Why do a lot of autistic women struggle with this? In short, the human world is not designed
for us. We are constantly faced with situations and environments that do not align with our
social, sensory, and cognitive needs. Therefore, we must work harder just to get by. As a
result, we may frequently get overwhelmed and burned out. So, how do we better manage
Tip 1: Set boundaries for work and social commitments.
Throughout my life, I have been notoriously terrible at setting boundaries when it comes to
work and social commitments.
For example, when asked questions such as these…
You’re invited to my event! Will you be able to make it?
Can you please review my work and give your thoughts?Do you have any more capacity to take on this new project?
I often feel the need to say “yes!”, even when I’m on the verge of my social and emotional
limits. My perfectionistic nature and drive to please others get in the way of saying what I
ought to sometimes say: “no, but thanks for asking.”
It is truly okay, crucial even, to know your limits and set boundaries. Setting healthy
boundaries can look like:
Saying “no” to social events that you are very anxious about or that aren’t important
- Taking full days off work or off people generally. As an example, one weekday a
month, no matter how I'm feeling, I'll take a full day off from all commitments.
Having a weekday off each month, even if I feel that I don't need it, is very
important; because, the chances are, I do need it.

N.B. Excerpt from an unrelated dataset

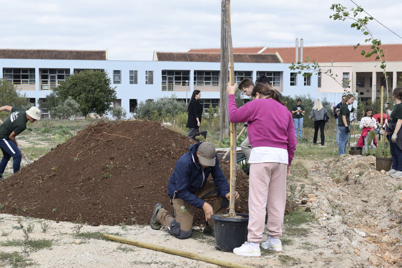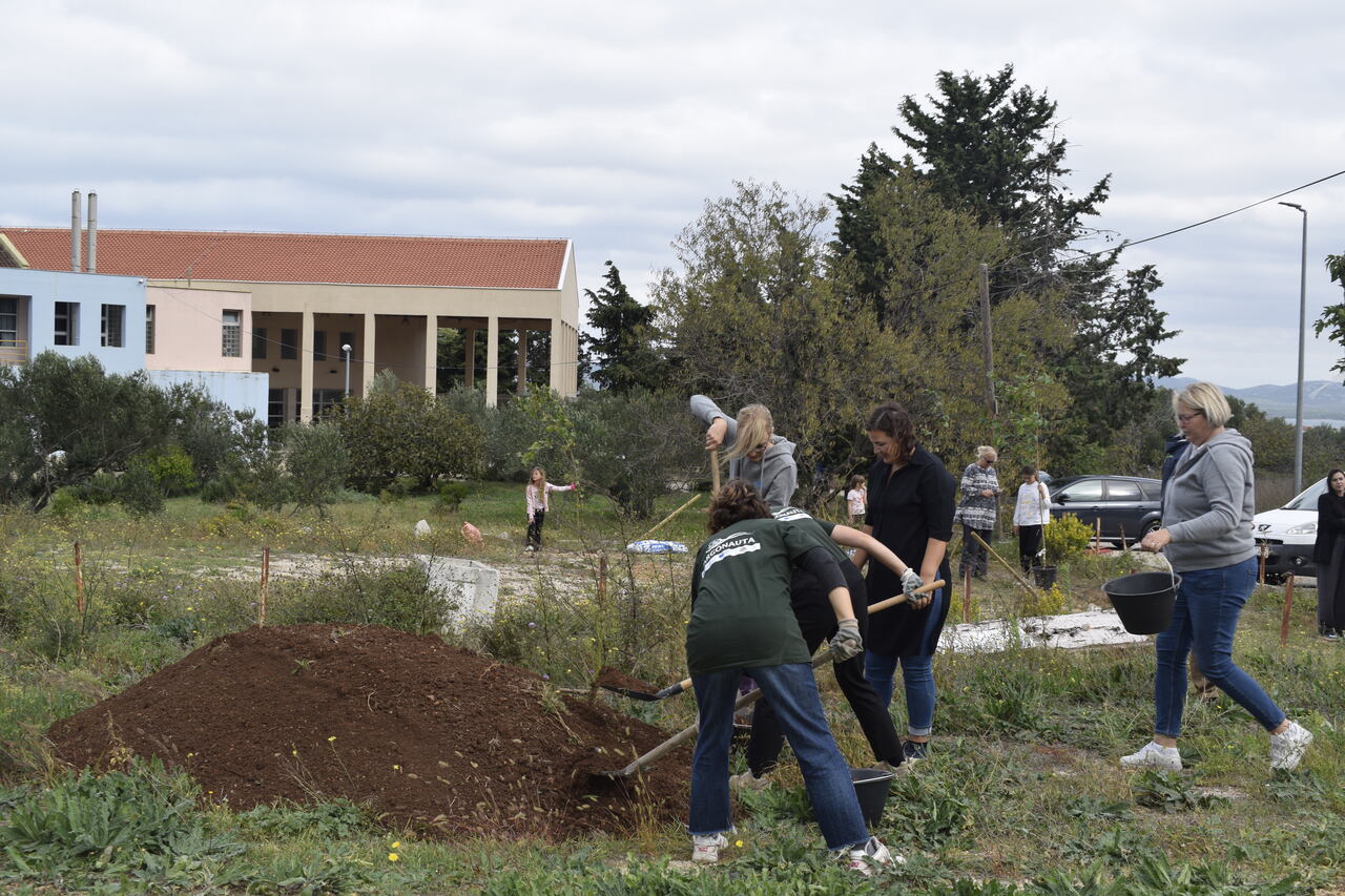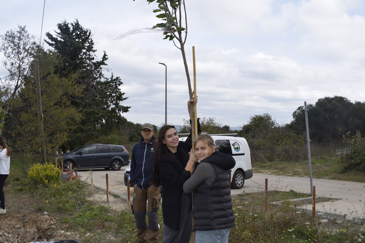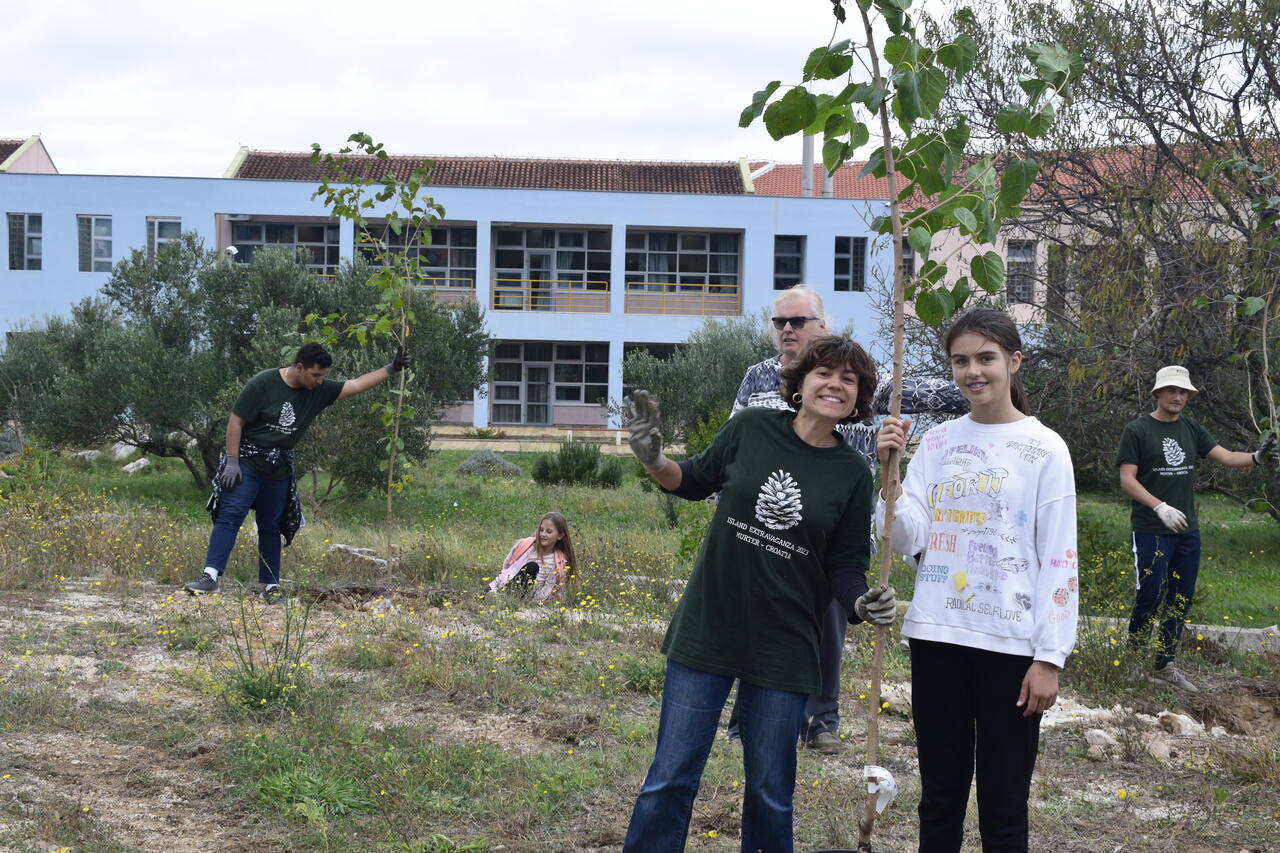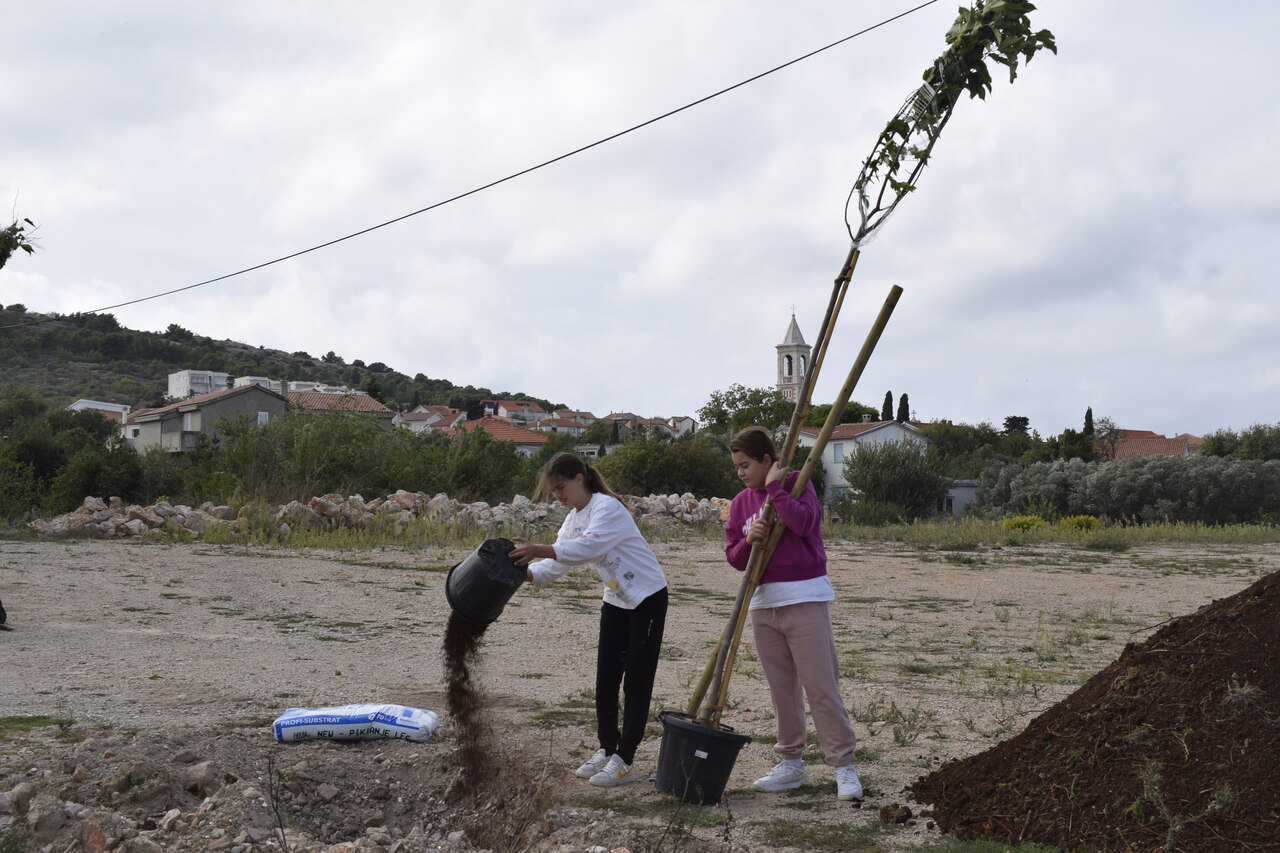 Nakon dva tjedna edukativnih radionica, prošli četvrtak, 19.10.2023. došla je na red akcija ozelenjivanja OŠ Murterski škoji u sklopu projekta “Dica sade više – za stupanj niže”.

Actively scheduling self-care breaks into your days, including working days. For
example, between certain times each day, I'll turn off my devices and do something
that recharges my energy.
Tip 2: Relax and recharge by engaging in your passions, hobbies, and interests.
Many autistic individuals have strong passions, hobbies, or interests in one or many areas.
Personally, I am very passionate about autism advocacy. I also love writing, nature, and
listening to or creating music. In an ideal world, I would spend the majority of my days
engaged in these activities and that would make me happy. Why do autistic individuals,
including myself, enjoy our hobbies and interests so deeply?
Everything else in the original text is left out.